One dilemma for doctors caring for transplant patients is intervention versus risk. Overuse of antibiotics, for example, can lead to antibiotic resistance and other unintended effects.

Having AI that can read the nuanced differences among individuals would allow for better-informed, more personalized care.

Students Learn as They Contribute

Like the technology itself, the students have been doing a lot of deep learning.

Edwards said she learned about the challenges associated with using AI in medicine. Being able to gain the direct insights of doctors and other medical professionals boosted her own understanding, she said. In turn, she hopes that translates to the tool.

“Within our research, I focus specifically on explainable artificial intelligence,” she said. “‘Explainability’ refers to an AI model’s ability to explain its behavior in human terms. Many of the most powerful machine learning models are so complex that the way they make predictions isn’t clearly understood.
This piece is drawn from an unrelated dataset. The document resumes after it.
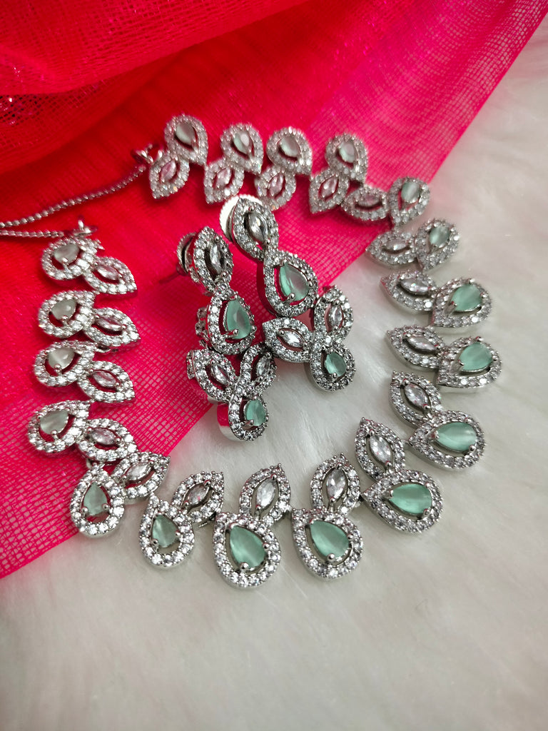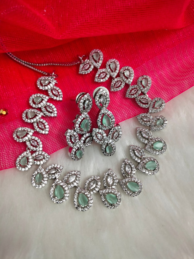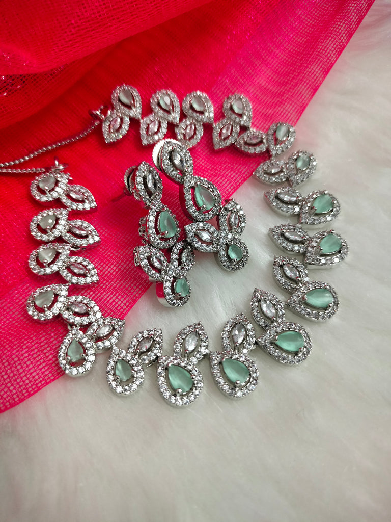 N01191_Grand Lovely designer Silver polished Necklace Set embellished with American diamond stones with delicate Mint Green Stones .
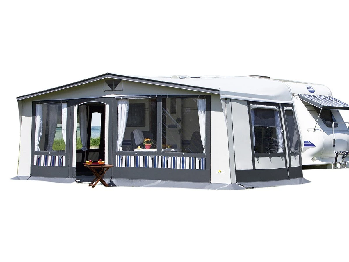 Dach, Vorder- und Seitenwände aus hochwertigem, beidseitig kunststoffbeschichtetem Polyestergewebe, wetterecht, lackiert und komplett abwaschbar; die verarbeitete Fensterfolie des Caravanzelt absorbiert 90 % der UV-Strahlung.

Explainability is critical for building trust in a machine learning model, and it’s especially important in a clinical setting where lives are at stake.”

She added that, no matter where her career ends up taking her, she hopes to continue “working at the intersection of technology and social impact.”

Boner, in addition to contributing to the AI’s deep-learning layers, wrote a conference paper with Nguyen and Moore as part of an undergraduate consortium.

“Through this project, I’ve learned, first and foremost, how to do research,” Boner said. “I’ve collaborated with both technical and non-technical researchers toward a common goal, which has been very valuable.”

He plans to pursue a doctorate in computer science at Duke University, where he’ll be focusing on interpretable AI for health care applications.

Moore praised both students’ many contributions to the project.

“Louisa and Zack have been integral members of our research team,” Moore said. “Not only are they extremely talented and technically gifted in computer science and AI, but they are also intellectually curious and bring a fresh set of eyes and ideas to the problem of infection detection in the ICU. They have been a pleasure to work with, and I’ve learned a lot from them.”

Putting the AI to the Test

Currently, the AI has the combined wisdom of 40,500 anonymized patient records, consisting of 4.1 million laboratory measurements, from which to draw.

Though the tool is not yet being used on live patients, the technology is now being put to the test against a dataset at the University of Pittsburgh Medical Center. The results will help verify if the AI is effective as a diagnostic tool.

The inter-hospital collaboration, Nguyen said, will increase the AI’s reference points by tenfold. 

“The more data you feed it, the more predictive power it has,” he said.

The students, likely, would say the same of their educational experience. The more you feed it, the more power you gain.